BEGIN Input data

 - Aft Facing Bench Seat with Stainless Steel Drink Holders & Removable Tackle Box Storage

END Input data
BEGIN Input data

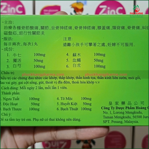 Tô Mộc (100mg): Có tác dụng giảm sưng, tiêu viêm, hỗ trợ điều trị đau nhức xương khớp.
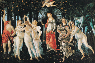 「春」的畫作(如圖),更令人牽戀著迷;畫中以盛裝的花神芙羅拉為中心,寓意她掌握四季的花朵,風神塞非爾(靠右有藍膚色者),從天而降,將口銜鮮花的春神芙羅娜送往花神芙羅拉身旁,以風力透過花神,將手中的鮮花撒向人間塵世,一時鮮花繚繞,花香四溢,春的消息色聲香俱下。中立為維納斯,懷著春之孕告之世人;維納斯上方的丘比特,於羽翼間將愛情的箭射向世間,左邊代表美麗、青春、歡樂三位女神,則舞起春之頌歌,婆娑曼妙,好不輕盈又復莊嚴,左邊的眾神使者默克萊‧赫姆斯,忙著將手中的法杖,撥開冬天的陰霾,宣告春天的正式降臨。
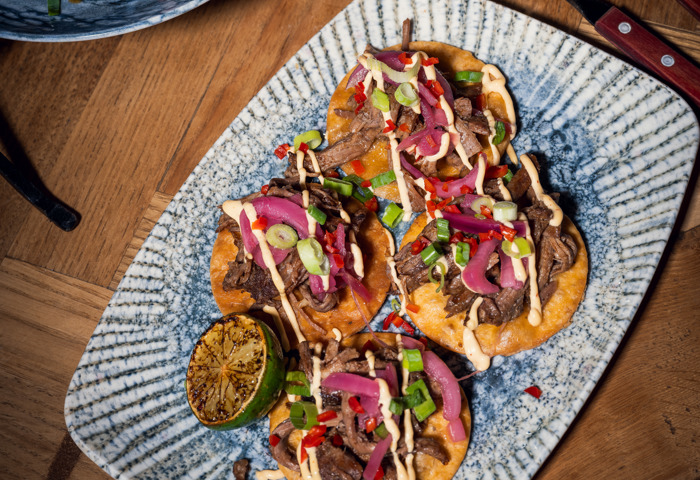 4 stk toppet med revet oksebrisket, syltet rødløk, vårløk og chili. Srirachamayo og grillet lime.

END Input data
BEGIN Input data

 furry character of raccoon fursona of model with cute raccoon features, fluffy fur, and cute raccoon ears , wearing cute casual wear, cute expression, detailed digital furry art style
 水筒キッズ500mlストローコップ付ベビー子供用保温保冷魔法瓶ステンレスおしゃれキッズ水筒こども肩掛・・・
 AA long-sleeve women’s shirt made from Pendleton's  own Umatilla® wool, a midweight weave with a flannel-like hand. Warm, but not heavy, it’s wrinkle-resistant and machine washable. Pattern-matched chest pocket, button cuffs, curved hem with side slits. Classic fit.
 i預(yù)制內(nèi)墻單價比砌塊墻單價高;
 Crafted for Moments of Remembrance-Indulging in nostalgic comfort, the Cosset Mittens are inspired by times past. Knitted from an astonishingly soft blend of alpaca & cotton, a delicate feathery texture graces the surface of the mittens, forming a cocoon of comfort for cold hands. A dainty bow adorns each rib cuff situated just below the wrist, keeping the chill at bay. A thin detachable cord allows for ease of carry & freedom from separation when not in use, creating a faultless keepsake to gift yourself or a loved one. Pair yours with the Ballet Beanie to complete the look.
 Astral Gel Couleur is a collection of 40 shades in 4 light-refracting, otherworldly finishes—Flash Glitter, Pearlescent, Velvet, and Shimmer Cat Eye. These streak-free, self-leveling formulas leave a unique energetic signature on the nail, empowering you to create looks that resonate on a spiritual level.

END Input data

• [Assignment]:
Gather up every line in the data above that contains the word "with", copying each one.

• [Solution for this task]:
 - Aft Facing Bench Seat with Stainless Steel Drink Holders & Removable Tackle Box Storage
 furry character of raccoon fursona of model with cute raccoon features, fluffy fur, and cute raccoon ears , wearing cute casual wear, cute expression, detailed digital furry art style
 AA long-sleeve women’s shirt made from Pendleton's  own Umatilla® wool, a midweight weave with a flannel-like hand. Warm, but not heavy, it’s wrinkle-resistant and machine washable. Pattern-matched chest pocket, button cuffs, curved hem with side slits. Classic fit.
 Crafted for Moments of Remembrance-Indulging in nostalgic comfort, the Cosset Mittens are inspired by times past. Knitted from an astonishingly soft blend of alpaca & cotton, a delicate feathery texture graces the surface of the mittens, forming a cocoon of comfort for cold hands. A dainty bow adorns each rib cuff situated just below the wrist, keeping the chill at bay. A thin detachable cord allows for ease of carry & freedom from separation when not in use, creating a faultless keepsake to gift yourself or a loved one. Pair yours with the Ballet Beanie to complete the look.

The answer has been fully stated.